- _Working data_:
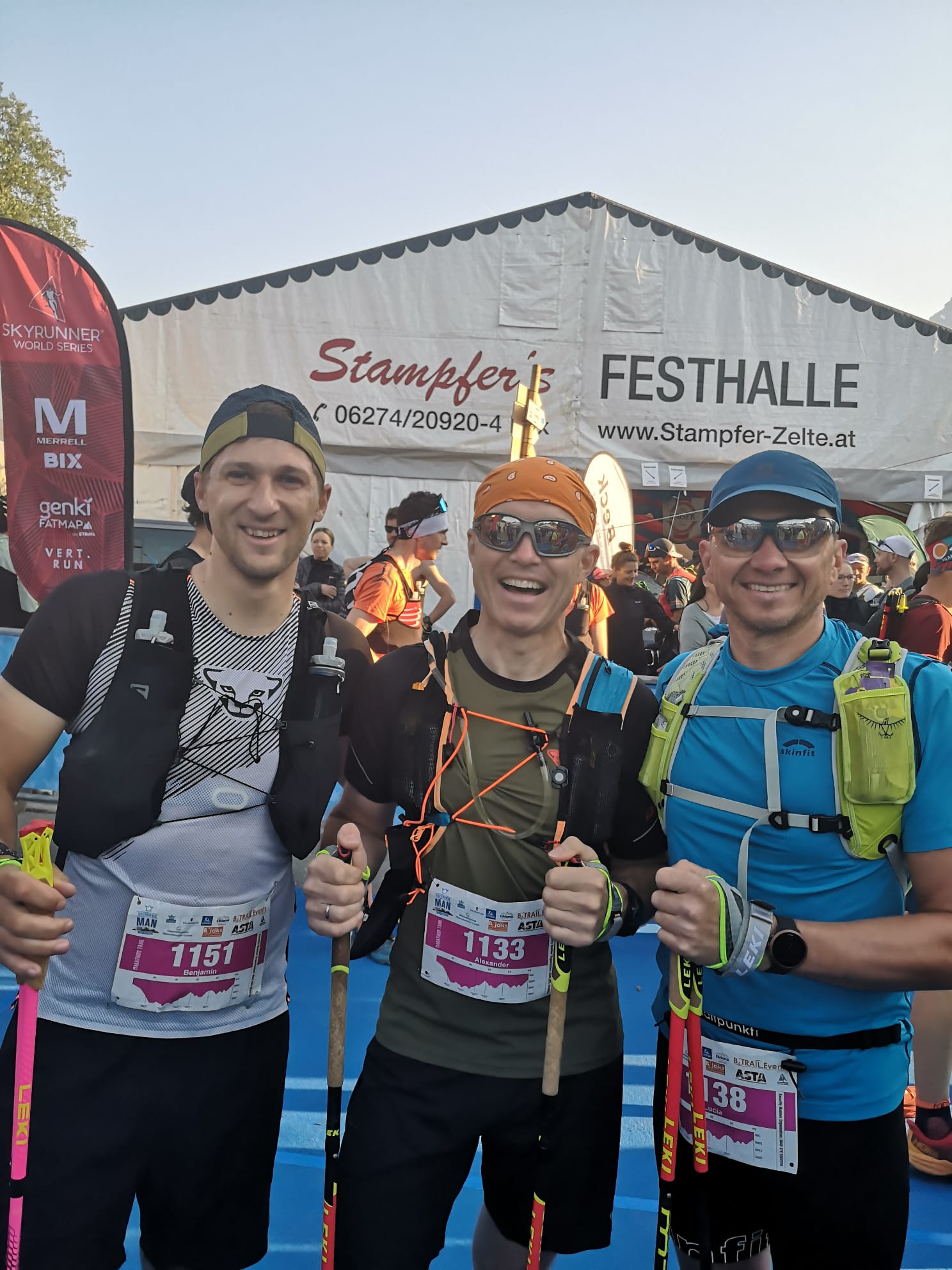 Den Marathon Trail nahmen Benjamin Schmidradler, Alexander Pruckner und Andreas Haag in Angriff. Hierbei galt es 49,8 km mit 3.070 hm zu bewältigen.
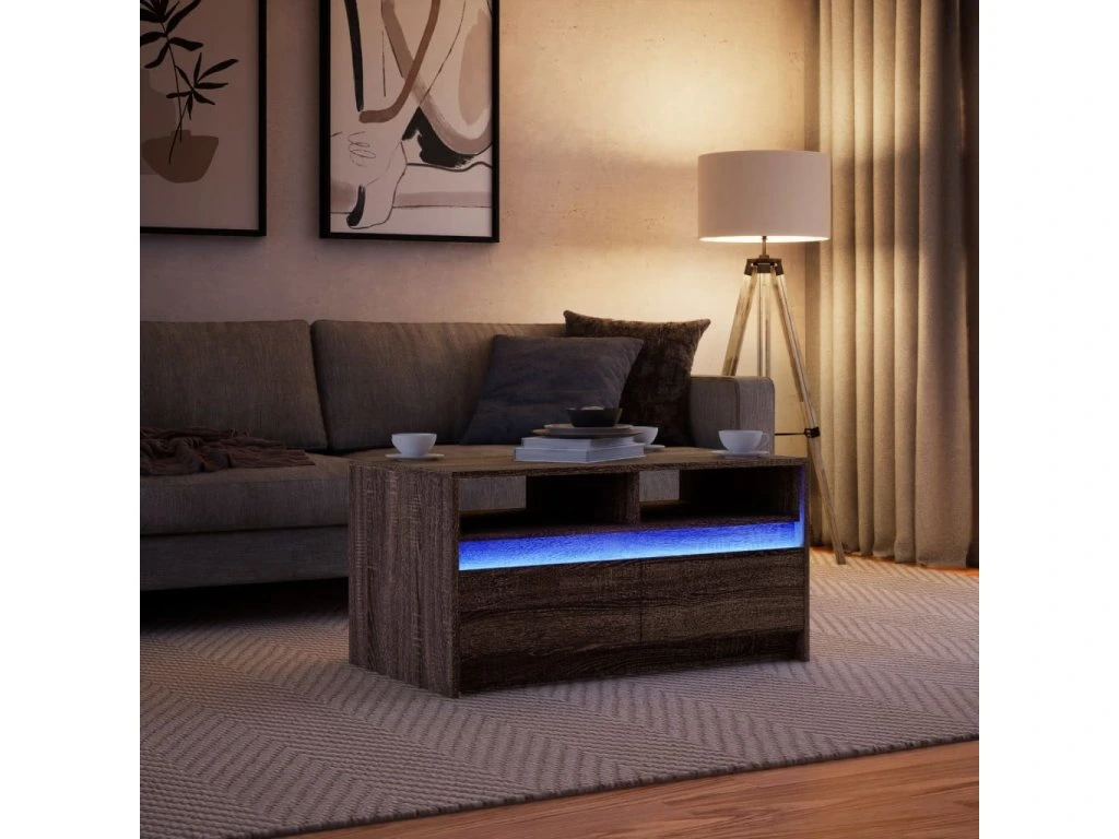- RGB LED svetlá pre príjemnú atmosféru: Tento stolík je vybavený LED svetlami, ktoré sa dajú jednoducho nastaviť a vytvoriť tak individuálnu svetelnú šou. Môžete si prispôsobiť režimy, farby a jas, aby ste zlepšili atmosféru svojho interiéru.
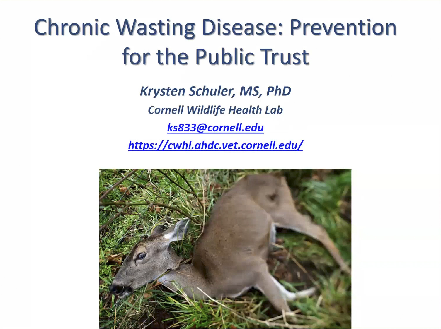 Schuler, K. (2018). CWD Prevention for the Public Trust. NYS Wildlife Health Program. https://cwhl.vet.cornell.edu/resource/cwd-prevention-public-trust. Accessed Date: January 23, 2026.
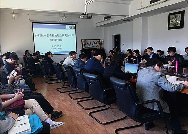 首先发言的国家级教学名师李健老师就“立德树人”的具体内涵进行了阐述。她结合自己的求学生涯和育人过程强调了导师在硕士生培养过程中的责任和担当。李老师表示,硕士生培养不仅要重视专业能力,更要把人的全面发展作为高等教育的终极目标,对学生进行人格塑造,帮助学生在浮躁的社会风气中守护精神家园,坚持读书人的情怀与追求。随后,杜惠芬老师指出在有限的课堂学习阶段要严格学生实习管理,提醒学生珍惜读书良机,沉下来提高自己的综合素质。陈颖老师建议学院就学生实习作出统一安排,在重视专硕管理的同时关注学硕的科研需求。黄瑜琴老师特别就案例教学中的教师主导和学生自主谈了自己的经验,她坚持从具体写作文法上督促学生持续改进和练习,将学生案例作品与业界充分交流并及时反馈学生。黄志刚老师认为,学术研究和讨论在硕士生学习中常常被忽视,思维方法和能力的训练还不足。他强调要结合学生在校的阶段性特点提高学生的学术科研积极性,鼓励学生参与院内外的学术活动,调动学生研究热情。王汀汀老师表示硕士生对导师有着较高的期待,导师应该坚持有教无类的原则,促进学生个性化发展。谭小芬老师提出将“育人”和“育才”结合起来,学生成才当下很重要,“成人”将来更重要。他强调要在培养过程中将工具、专业知识和人文知识结合起来,关注学生成长的增加值,从学生兴趣出发,培养学生从比较简单的问题入手,提高学生的研究能力。张学勇老师分享了在硕士研究生培养过程中总结出来的导师以身作则同时引导学生努力做到“三强一严”的经验;“三强”即“责任心强、业务能力强、理想信念强”,“一严”即严格要求。张老师强调导师要用心、用情、用功,他指出导师的让步就是学生的退步,导师必须规范学术训练,从研究前沿和中国实践出发为每位同学提供个性化培养方案设计。韩复龄老师从自己的教育经验出发,强调导师要把握社会发展和金融行业发展的特点,结合学生个人情况量体裁衣,制定学生职业发展规划。
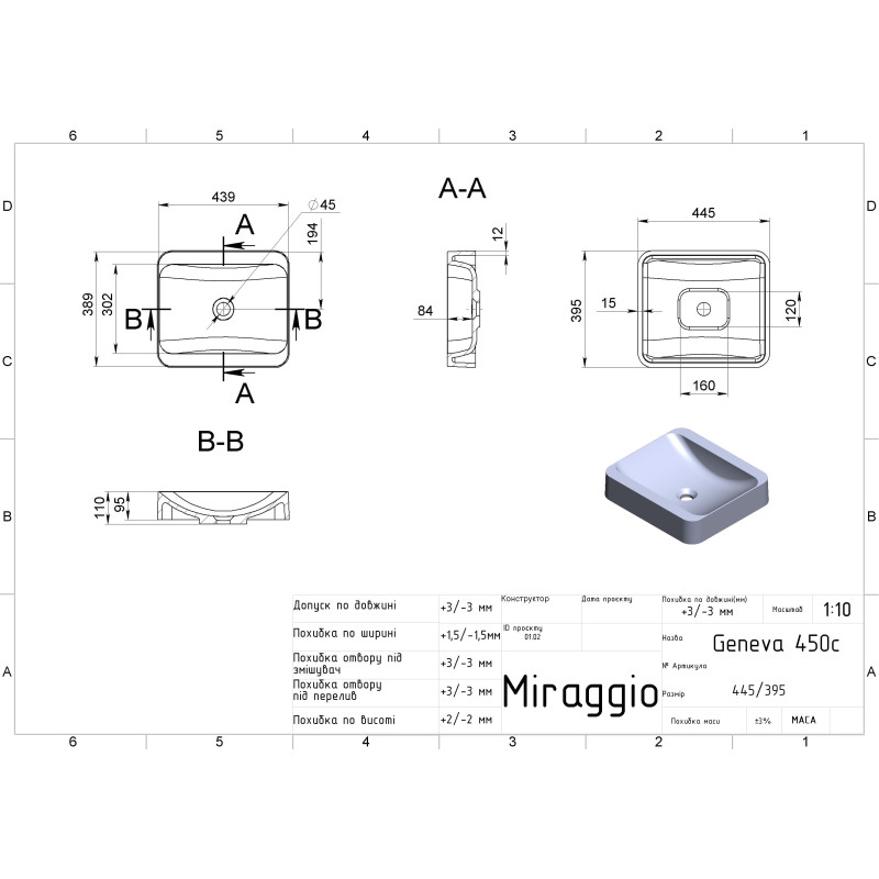 | Назва | Умивальник врізний MIRAGGIO GENEVA 45*40*11 Чорний 8813464 |
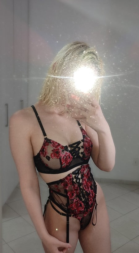 • Ensemble 4 pièces – soutien-gorge + porte-jarretelles + string + tours de cuisses
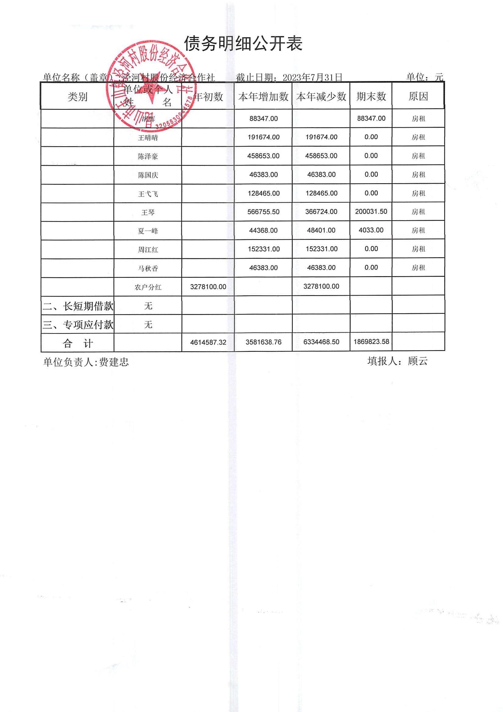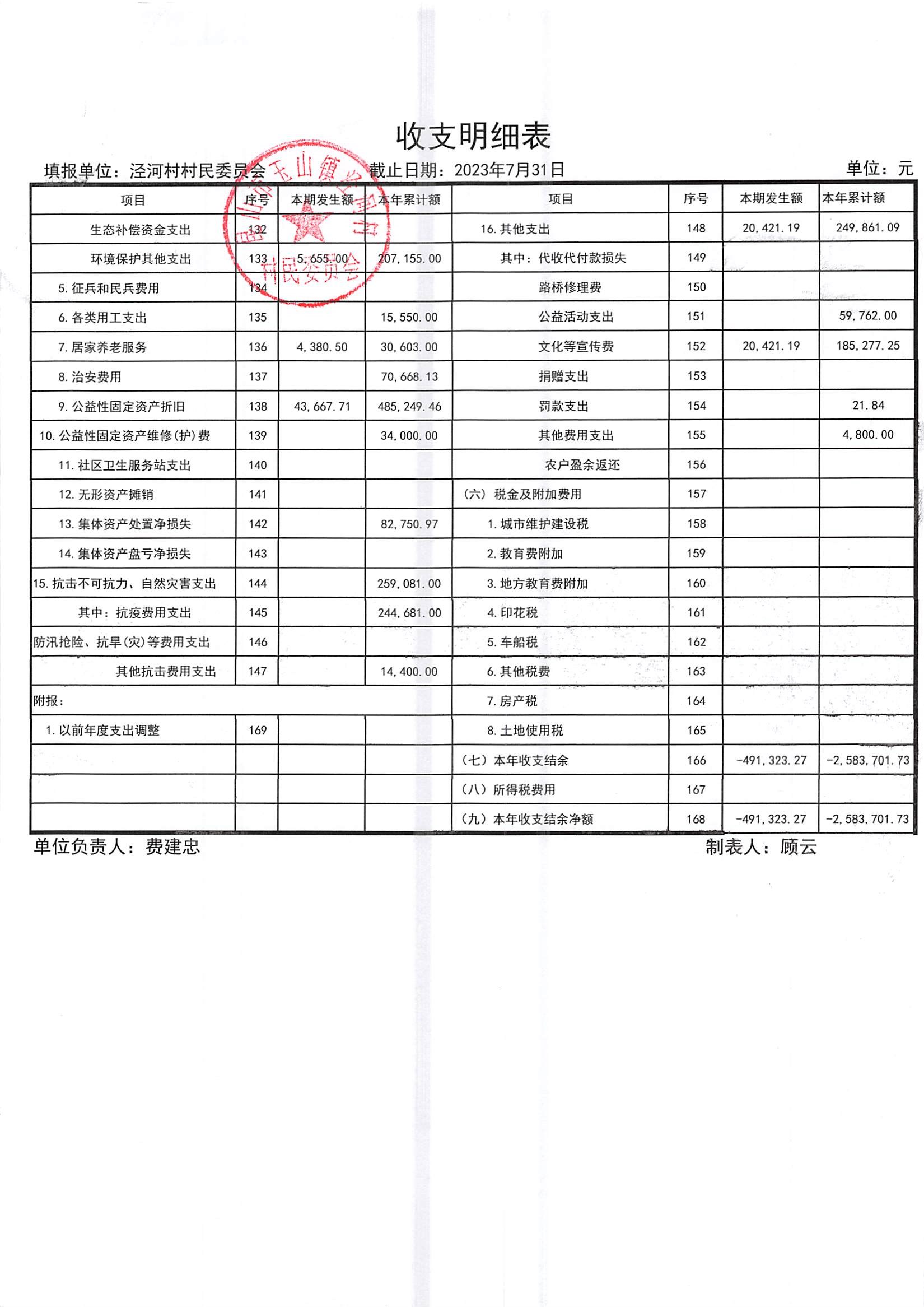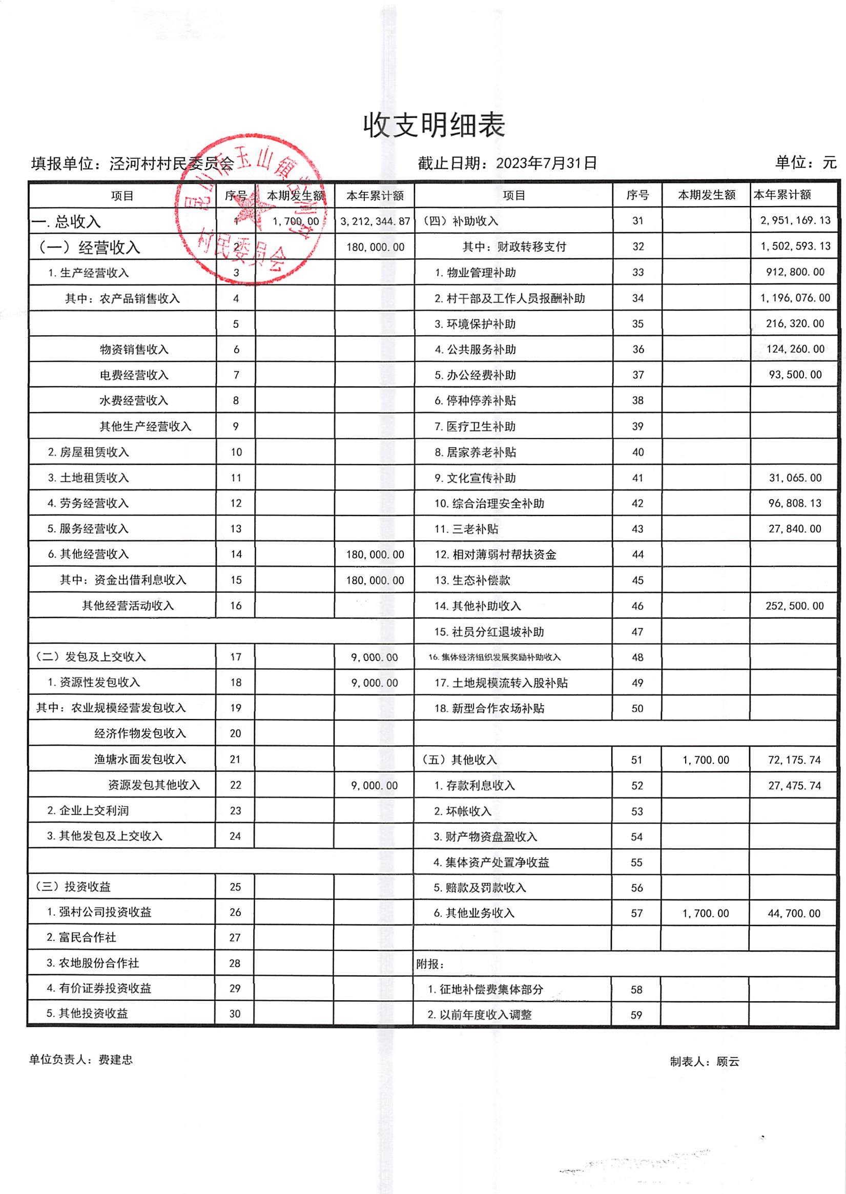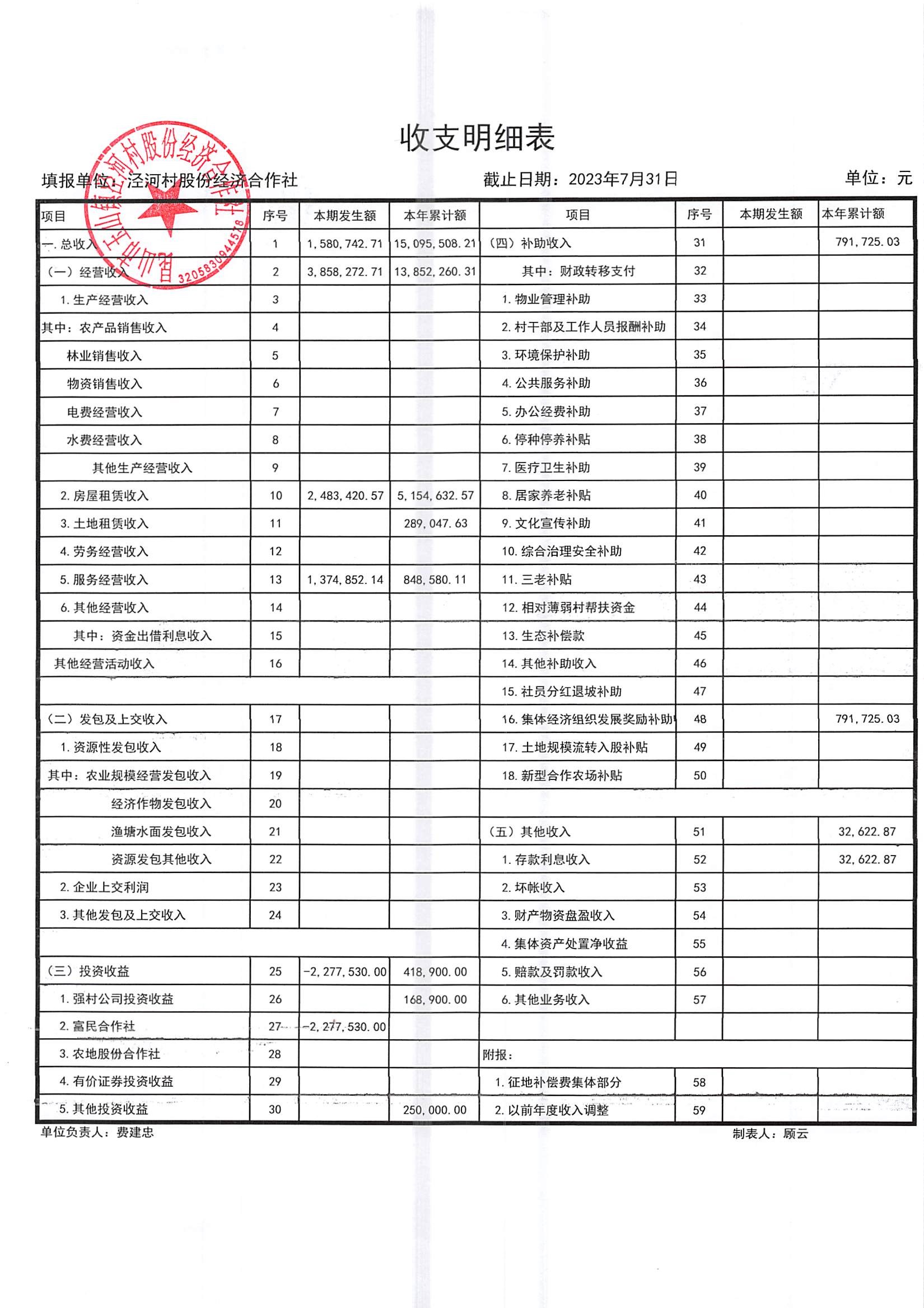 2023年七月份财务公开

- _Exercise_: Repeat only the lines from the one holding "Schuler, K. (2018)." through the last line of the data, inclusive. Keep the pictures out.

- _Task answer_:
 Schuler, K. (2018). CWD Prevention for the Public Trust. NYS Wildlife Health Program. https://cwhl.vet.cornell.edu/resource/cwd-prevention-public-trust. Accessed Date: January 23, 2026.
 首先发言的国家级教学名师李健老师就“立德树人”的具体内涵进行了阐述。她结合自己的求学生涯和育人过程强调了导师在硕士生培养过程中的责任和担当。李老师表示,硕士生培养不仅要重视专业能力,更要把人的全面发展作为高等教育的终极目标,对学生进行人格塑造,帮助学生在浮躁的社会风气中守护精神家园,坚持读书人的情怀与追求。随后,杜惠芬老师指出在有限的课堂学习阶段要严格学生实习管理,提醒学生珍惜读书良机,沉下来提高自己的综合素质。陈颖老师建议学院就学生实习作出统一安排,在重视专硕管理的同时关注学硕的科研需求。黄瑜琴老师特别就案例教学中的教师主导和学生自主谈了自己的经验,她坚持从具体写作文法上督促学生持续改进和练习,将学生案例作品与业界充分交流并及时反馈学生。黄志刚老师认为,学术研究和讨论在硕士生学习中常常被忽视,思维方法和能力的训练还不足。他强调要结合学生在校的阶段性特点提高学生的学术科研积极性,鼓励学生参与院内外的学术活动,调动学生研究热情。王汀汀老师表示硕士生对导师有着较高的期待,导师应该坚持有教无类的原则,促进学生个性化发展。谭小芬老师提出将“育人”和“育才”结合起来,学生成才当下很重要,“成人”将来更重要。他强调要在培养过程中将工具、专业知识和人文知识结合起来,关注学生成长的增加值,从学生兴趣出发,培养学生从比较简单的问题入手,提高学生的研究能力。张学勇老师分享了在硕士研究生培养过程中总结出来的导师以身作则同时引导学生努力做到“三强一严”的经验;“三强”即“责任心强、业务能力强、理想信念强”,“一严”即严格要求。张老师强调导师要用心、用情、用功,他指出导师的让步就是学生的退步,导师必须规范学术训练,从研究前沿和中国实践出发为每位同学提供个性化培养方案设计。韩复龄老师从自己的教育经验出发,强调导师要把握社会发展和金融行业发展的特点,结合学生个人情况量体裁衣,制定学生职业发展规划。
 | Назва | Умивальник врізний MIRAGGIO GENEVA 45*40*11 Чорний 8813464 |
 • Ensemble 4 pièces – soutien-gorge + porte-jarretelles + string + tours de cuisses
 2023年七月份财务公开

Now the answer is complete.